Zach, I haven't listened to the G.I. Williamson lectures, so I can't really compare the overall quality of the two series. That said, I think it is generally better if you are going to go through two treatments of something to do the shorter one first, so as to have the framework solidly in mind, and then the second treatment with its greater detail can be better grasped in its overall scope. However, if it is a question of choosing between two, everything else being equal I would recommend the more detailed treatment.


----------



## Zach (Jan 22, 2013)

py3ak said:


> Zach said:
> 
> 
> > py3ak said:
> ...



Good advice. I'll take the time to go through them all. Thanks!


----------



## jfhutson (Jan 22, 2013)

These are Dr. Robert Strimple's three semesters of ST. Maybe not basic enough? But they're free, and the audio quality's fine.

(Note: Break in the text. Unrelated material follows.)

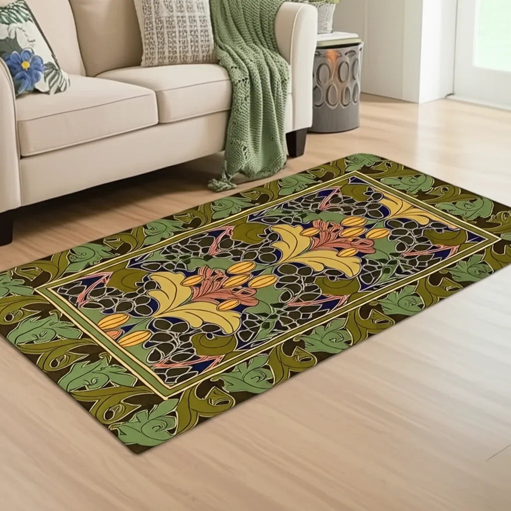 This rug features a symmetrical vintage floral pattern in shades of green, yellow, and coral. It's a bold and beautiful design that is sure to make a statement in any space. The dark background ensures a vibrant look that is full of life.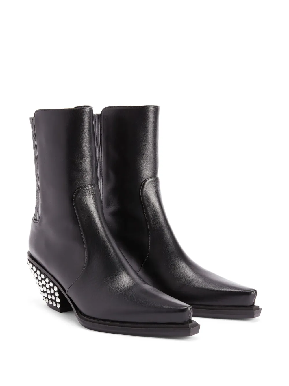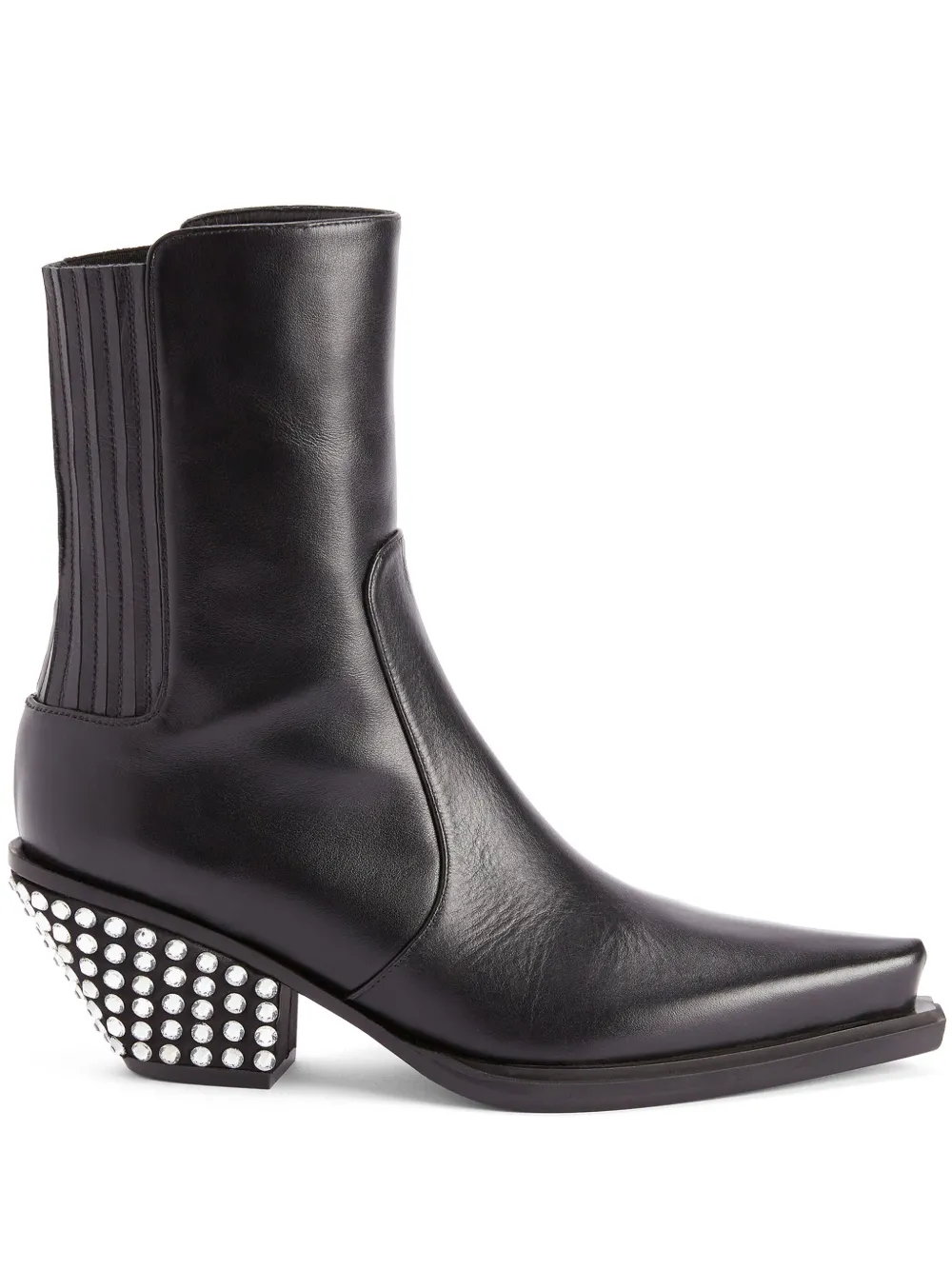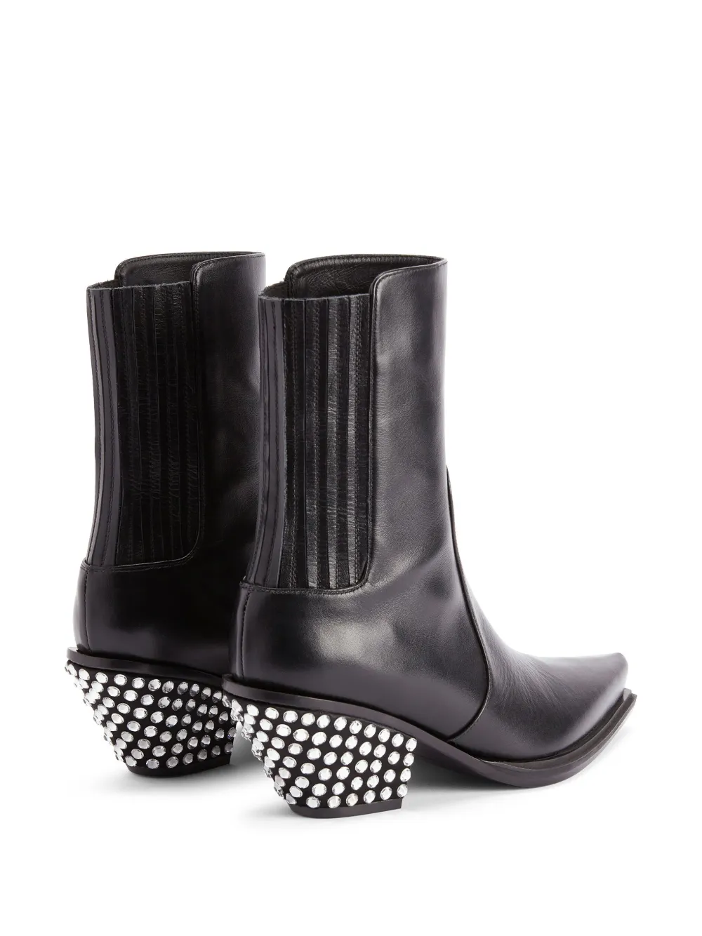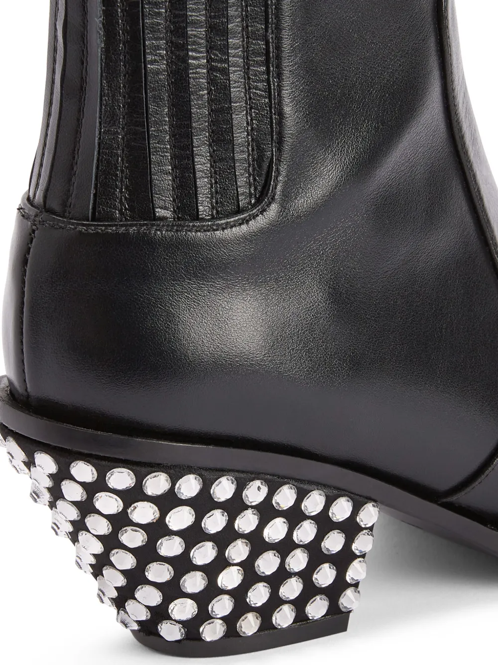 Черный, телячья кожа, гладкая текстура кожи, модель в стиле вестерн, декор из кристаллов, заостренный носок, эластичные боковые вставки, модель без застежки, кожаная стелька с логотипом, кубинский каблук и кожаная подошва.

The Bookstore @ Westminster Seminary California; God's Created Image MP3
The Bookstore @ Westminster Seminary California; Christ Our Savior MP3
The Bookstore @ Westminster Seminary California; Salvation in Christ MP3


----------



## Rich Koster (Jan 22, 2013)

lynnie said:


> Thanks again for the links and suggestions. Now I want to get some for myself as well.
> 
> At the Monergism link for Kelley they have 117 lectures by Grudem based on his ST. That looks really good as my church is using Grudem now for young adults (and formerly in an adult class) so there would be that name recognition.
> 
> ...


https://itunes.apple.com/us/podcast/wayne-grudems-systematic-theology/id322844869 Grudem has a series of podcasts that track chapter by chapter with his ST book. This one appears to be expanded from that first one I mentioned. This may be the one you referenced.


----------